Obviously, running a hotel is a business, but it’s nice to think that guests who stay there are paying to support the creative types who work there and the artists whose pieces adorn the walls. Originally, the permanent collection came about because Lawrence and his partners didn’t want to buy a bunch of artwork in bulk. Instead, by hiring Kline to curate a collection of one-of-a-kind pieces, they took a much more organic approach that allowed them to stay true to the hotel’s mission of being by and for Brooklyn. With one exception, all the artists whose work forms the permanent collection are Brooklyn-based. “I think the approach Peter took was wise, because if they had just bought 70 paintings or 70 photos and stocked the hotel with it, it would have been such a missed opportunity for us to then host openings and do all this fun stuff in the rooms and to extend this creative story past our walls and into the Brooklyn community,” Kline opined. Lawrence added, “That has been really fun for me to watch because one of the things we talk about a lot is how to have real art in a hotel given the constraints of hotel rooms—it can’t be too challenging, it can’t be obscene, obnoxious, lots of the things that sometimes it’s really important for art to be and to challenge people. So finding a way to walk that fine line, and generally give emerging young artists a platform, but also figuring out how the hotel is actually a good platform for those guys and they don’t feel like they’re selling out, or that they’re putting their stuff in the wrong place. And the openings are a huge part of that—all of the artists are almost always here.”

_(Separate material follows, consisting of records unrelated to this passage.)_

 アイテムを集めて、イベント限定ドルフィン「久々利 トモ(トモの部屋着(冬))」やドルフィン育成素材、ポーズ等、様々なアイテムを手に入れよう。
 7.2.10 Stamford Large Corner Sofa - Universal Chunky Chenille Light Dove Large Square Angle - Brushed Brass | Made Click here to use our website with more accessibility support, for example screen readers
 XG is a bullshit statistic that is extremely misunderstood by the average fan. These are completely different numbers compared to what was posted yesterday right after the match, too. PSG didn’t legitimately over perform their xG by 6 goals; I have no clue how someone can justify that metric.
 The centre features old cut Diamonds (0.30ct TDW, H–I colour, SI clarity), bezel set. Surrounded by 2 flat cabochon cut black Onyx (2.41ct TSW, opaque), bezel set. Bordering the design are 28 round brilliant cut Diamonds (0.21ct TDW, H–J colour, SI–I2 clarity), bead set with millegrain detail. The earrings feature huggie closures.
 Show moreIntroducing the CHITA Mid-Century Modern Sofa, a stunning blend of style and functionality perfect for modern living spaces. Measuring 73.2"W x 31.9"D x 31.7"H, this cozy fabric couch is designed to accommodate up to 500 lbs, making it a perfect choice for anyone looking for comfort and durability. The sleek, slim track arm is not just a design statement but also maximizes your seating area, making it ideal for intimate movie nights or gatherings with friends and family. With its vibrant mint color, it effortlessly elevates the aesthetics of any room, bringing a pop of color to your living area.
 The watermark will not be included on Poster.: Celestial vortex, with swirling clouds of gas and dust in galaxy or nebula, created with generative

For the broader community, the openings are a fun way to peek inside the rooms and meet the artists. It harkens back to the days when hotels served as the gathering places for their cities—when people would flock there to celebrate, mourn tragedies, attend to business, and mingle with community members. In the two openings I’ve attended, I had a chance to chat with three of the artists, including Brad Kahlhamer, an artist represented by Jack Shainman gallery in Chelsea and whose work appears in museums across the country. I later visited his Bushwick studio to learn more about his experience. When I asked if he had any doubts or hesitations about putting his work in a hotel, he replied, “You know if you asked me this question like ten years ago, maybe I would have had more concerns, but I think the art world and the culture is now expanding out to such a degree that everything has to be looked at as a potential stage or venue.” Beau Stanton, an artist known for his vintage-inspired paintings and murals, told me he always enjoys putting his work outside of the traditional spaces for showing art and appreciates the intimacy provided by a hotel room. Matt Kleberg, a recent graduate of Pratt who has shown work at art fairs like Untitled and galleries all over the city, agreed. For them, the openings were like the icing on the cake of opportunity.

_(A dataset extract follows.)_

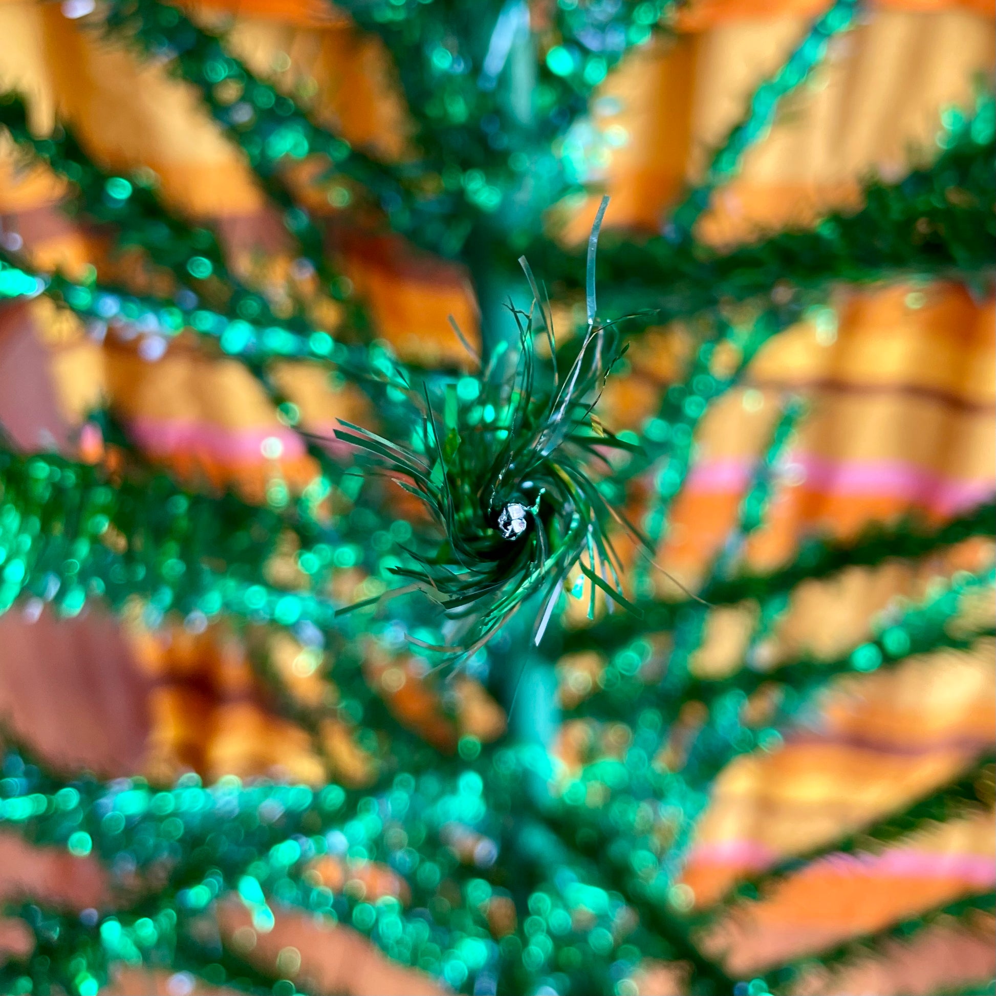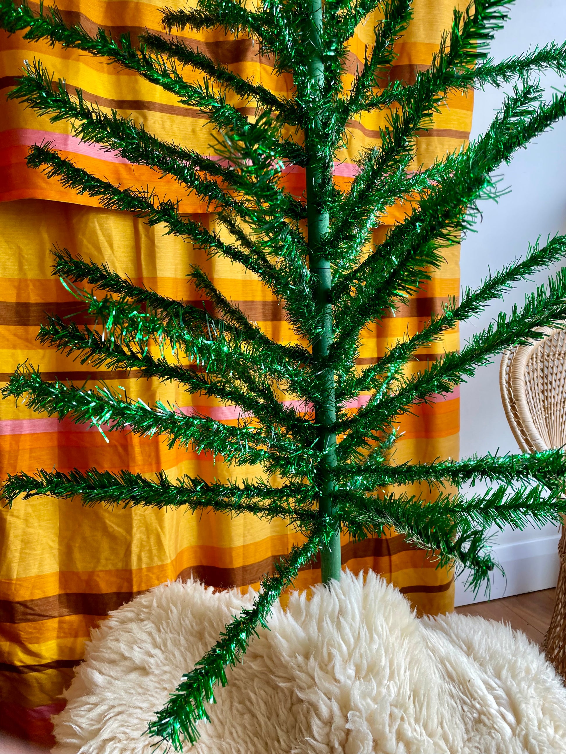 Shiny green vintage Christmas tree - 6 foot midcentury modern aluminum Xmas tree

At the opening I attended in January, it was too cold to stay outside, so when the rooms were closed up, the after party was held in the back room at the Ides. I found myself chatting with Austin once again, and then with Kimia, her husband, and a group of their friends. She pointed out Trudy Benson, whose work is on the fourth floor and who’s married to Russell Tyler, whose paintings on paper I was admiring earlier that evening. As the night drew to a close, Kimia called down to see if we could check out Kahlhamer’s work in the penthouse, but it was booked for the night. Just being in such great company, I felt more strongly than ever before that I was part of that world—that as a writer I shared that need to create, and I had finally found a community with the same sense of purpose. You’ll see me at the Wythe Hotel’s next opening, whenever it is.